The data
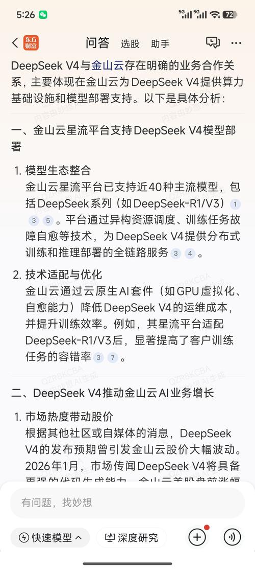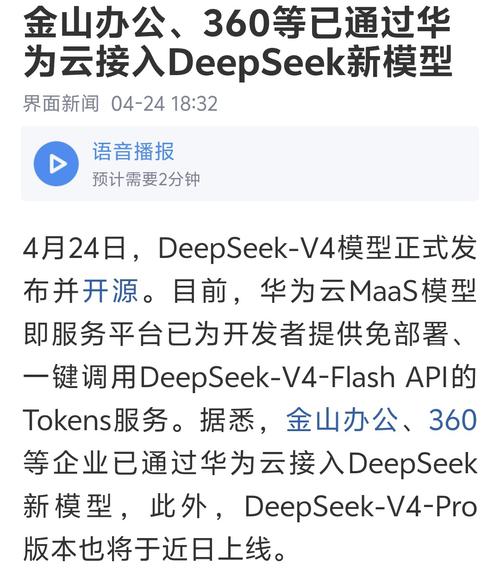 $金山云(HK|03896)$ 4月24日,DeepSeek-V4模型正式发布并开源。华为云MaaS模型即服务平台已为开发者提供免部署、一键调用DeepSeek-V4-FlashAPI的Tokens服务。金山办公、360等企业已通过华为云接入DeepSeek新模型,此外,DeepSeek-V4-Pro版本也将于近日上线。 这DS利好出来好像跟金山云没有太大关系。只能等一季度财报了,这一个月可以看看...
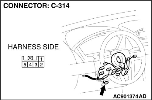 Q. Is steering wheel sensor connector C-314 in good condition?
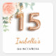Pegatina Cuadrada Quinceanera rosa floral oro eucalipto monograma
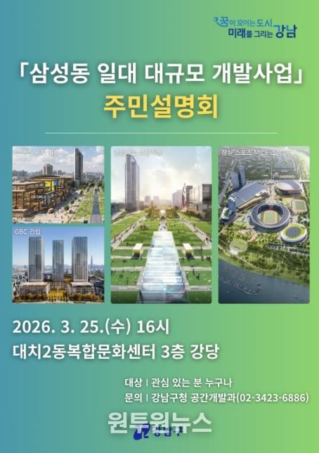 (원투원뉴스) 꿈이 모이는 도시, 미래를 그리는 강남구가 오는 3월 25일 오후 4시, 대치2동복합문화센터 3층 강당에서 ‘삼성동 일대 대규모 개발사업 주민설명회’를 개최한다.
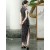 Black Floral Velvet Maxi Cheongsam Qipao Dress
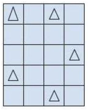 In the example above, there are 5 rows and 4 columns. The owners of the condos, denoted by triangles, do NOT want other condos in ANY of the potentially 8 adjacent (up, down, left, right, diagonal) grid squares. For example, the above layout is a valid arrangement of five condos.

Brief
Take the lines from the one holding "(원투원뉴스) 꿈이 모이는" through the last line of the data above and copy them exactly, both ends included, omitting all pictures.

Solution below
 (원투원뉴스) 꿈이 모이는 도시, 미래를 그리는 강남구가 오는 3월 25일 오후 4시, 대치2동복합문화센터 3층 강당에서 ‘삼성동 일대 대규모 개발사업 주민설명회’를 개최한다.
 Black Floral Velvet Maxi Cheongsam Qipao Dress
 In the example above, there are 5 rows and 4 columns. The owners of the condos, denoted by triangles, do NOT want other condos in ANY of the potentially 8 adjacent (up, down, left, right, diagonal) grid squares. For example, the above layout is a valid arrangement of five condos.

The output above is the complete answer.